INPUT DATA Block Start

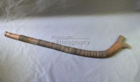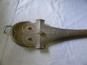 - Fekete keményfából készült. A nyél szabálytalan keresztmetszetű, hengeres. A markolat elvékonyodó, tompa hegyben végződik. A felső, ívelt vonalú 'lapát' mindkét oldalán, alul 'W' motívum, amelyből gerinc fut végig a 'lapát' belső ívéhez közelebb. PA Súlya 1,018 kg.
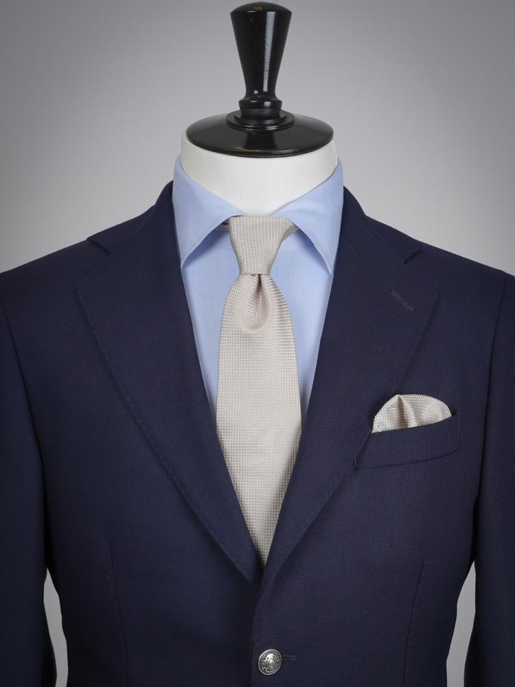 Detta set med beige grenadinslips och näsduk ger en tidlös elegans till varje outfit och tillfälle. Båda delarna är tillverkade av 100 % siden och vävda i Como, Italien, hos ett väveri med nästan ett sekel av textilkunskap. Grenadinväven skapar en diskret struktur och ett sofistikerat djup i tyget, vilket gör detta mångsidiga set lika passande för formella som mer avslappnade sammanhang. Varje del är noggrant handsydd av italienska skräddare – en perfekt balans mellan precision och genuint hantverk som utstrålar diskret lyx.
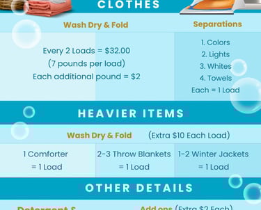 We know how life can get at times. Busy schedules with errands, children, work, and school. You may not have a washer and dryer at home or transportation. Allow us to take a task off your hands!
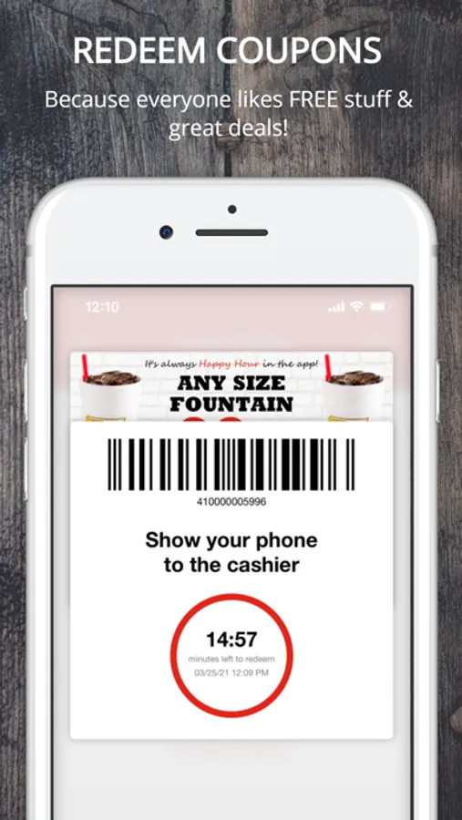 Simply tap the orange redeem button and show your phone at purchase to redeem your coupons.
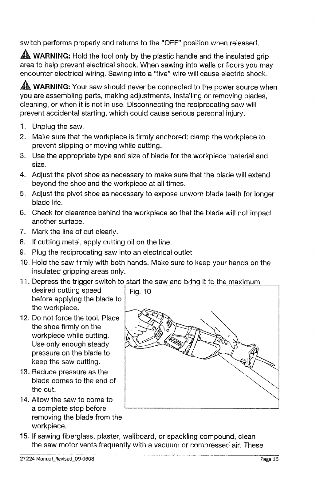 before using the reciprocating saw. Failure to follow all instructions may result in
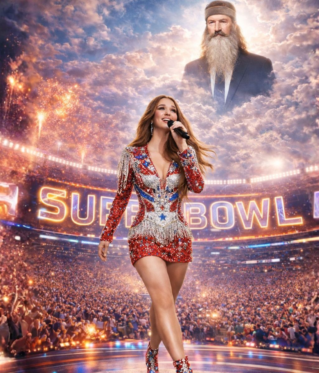 Imagine Sadie Robertson stepping into a quiet spotlight during the halftime interval — not as part of the official show, but as a deeply personal moment woven through collective imagination. In this story, she lifts a familiar song not for spectacle, but as a tribute that resonates with memory and legacy.
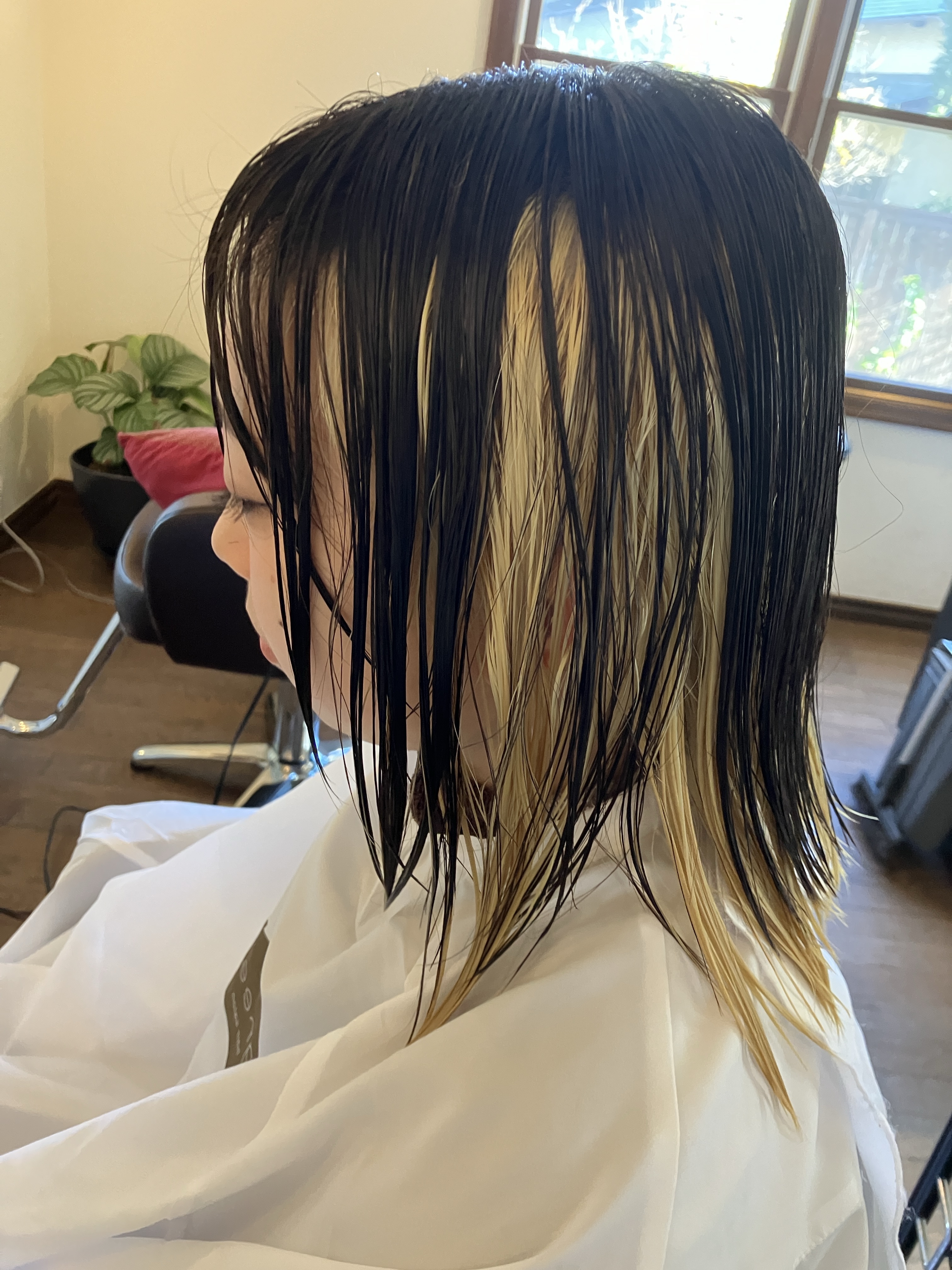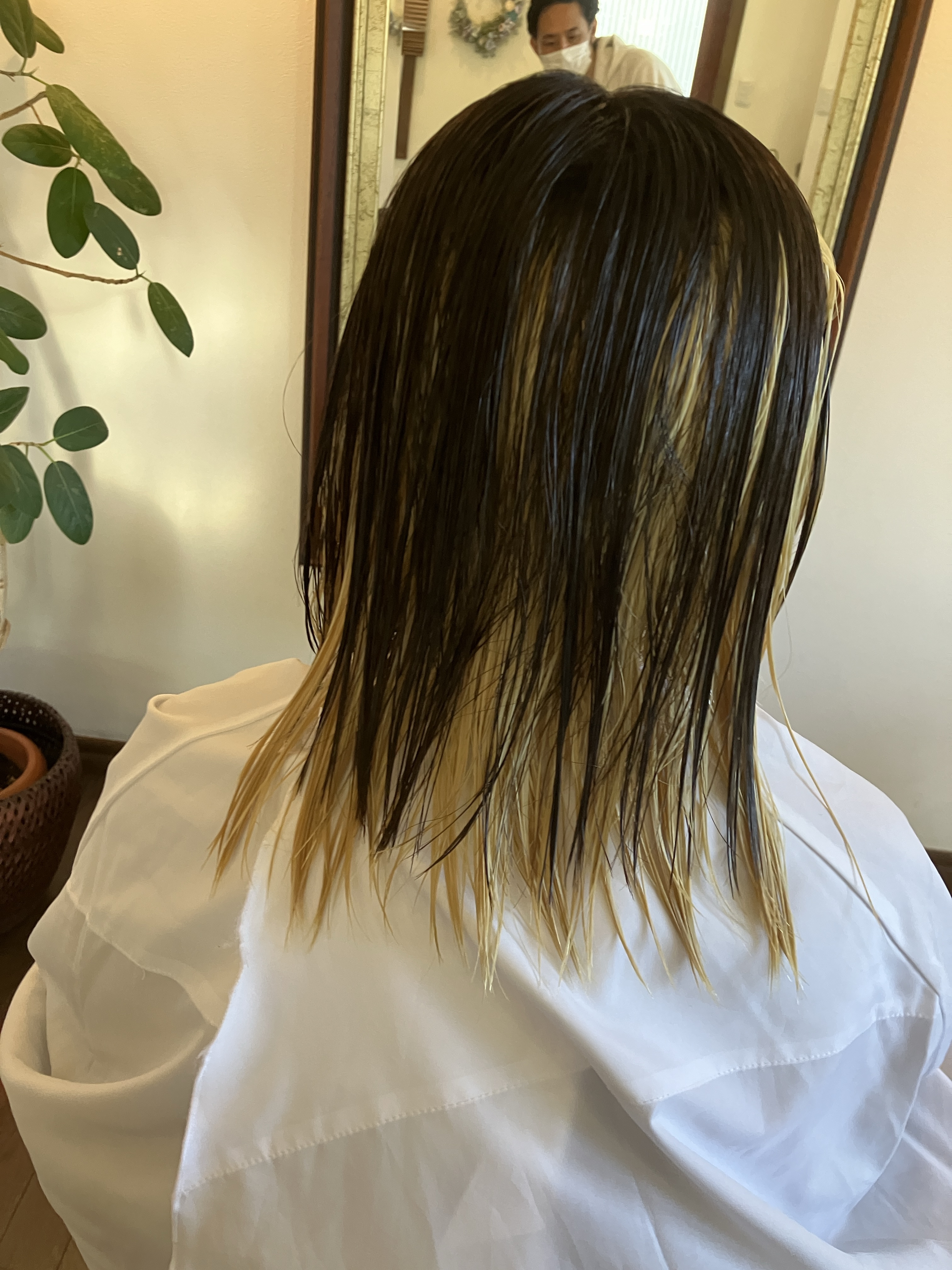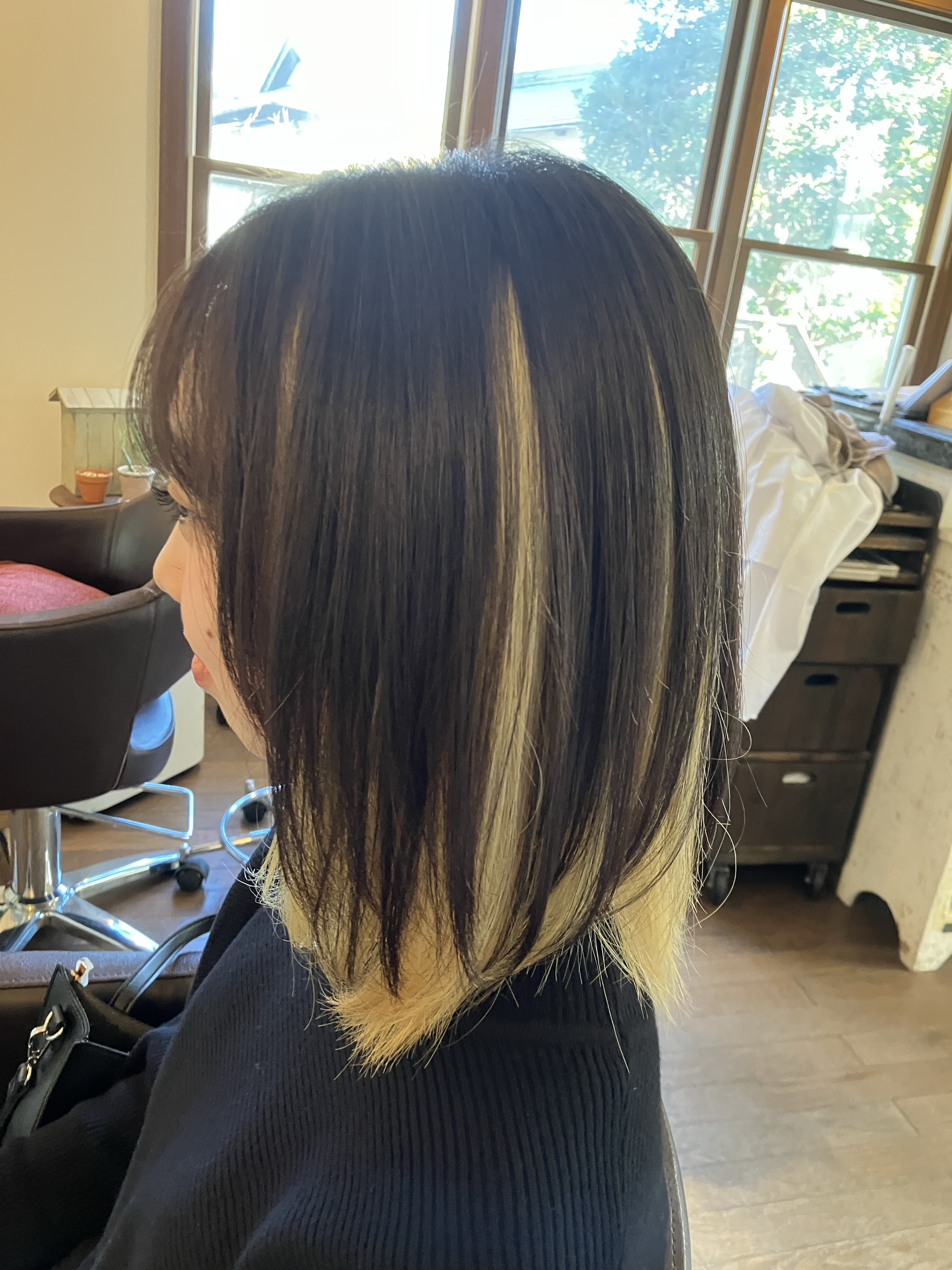 本当はアンブレラカラーみたいにしたいと言っていたのですが、ダメージや今後の事も考えてインナーカラーで、できるだけ目立つように、頑張りましたww

INPUT DATA Block End

EXERCISE DIRECTIONS: Beginning with the line that holds "Detta set med" and continuing to the end of the entries above, set down each line exactly, both ends included; include no pictures.

RESPONSE AREA:
 Detta set med beige grenadinslips och näsduk ger en tidlös elegans till varje outfit och tillfälle. Båda delarna är tillverkade av 100 % siden och vävda i Como, Italien, hos ett väveri med nästan ett sekel av textilkunskap. Grenadinväven skapar en diskret struktur och ett sofistikerat djup i tyget, vilket gör detta mångsidiga set lika passande för formella som mer avslappnade sammanhang. Varje del är noggrant handsydd av italienska skräddare – en perfekt balans mellan precision och genuint hantverk som utstrålar diskret lyx.
 We know how life can get at times. Busy schedules with errands, children, work, and school. You may not have a washer and dryer at home or transportation. Allow us to take a task off your hands!
 Simply tap the orange redeem button and show your phone at purchase to redeem your coupons.
 before using the reciprocating saw. Failure to follow all instructions may result in
 Imagine Sadie Robertson stepping into a quiet spotlight during the halftime interval — not as part of the official show, but as a deeply personal moment woven through collective imagination. In this story, she lifts a familiar song not for spectacle, but as a tribute that resonates with memory and legacy.
 本当はアンブレラカラーみたいにしたいと言っていたのですが、ダメージや今後の事も考えてインナーカラーで、できるだけ目立つように、頑張りましたww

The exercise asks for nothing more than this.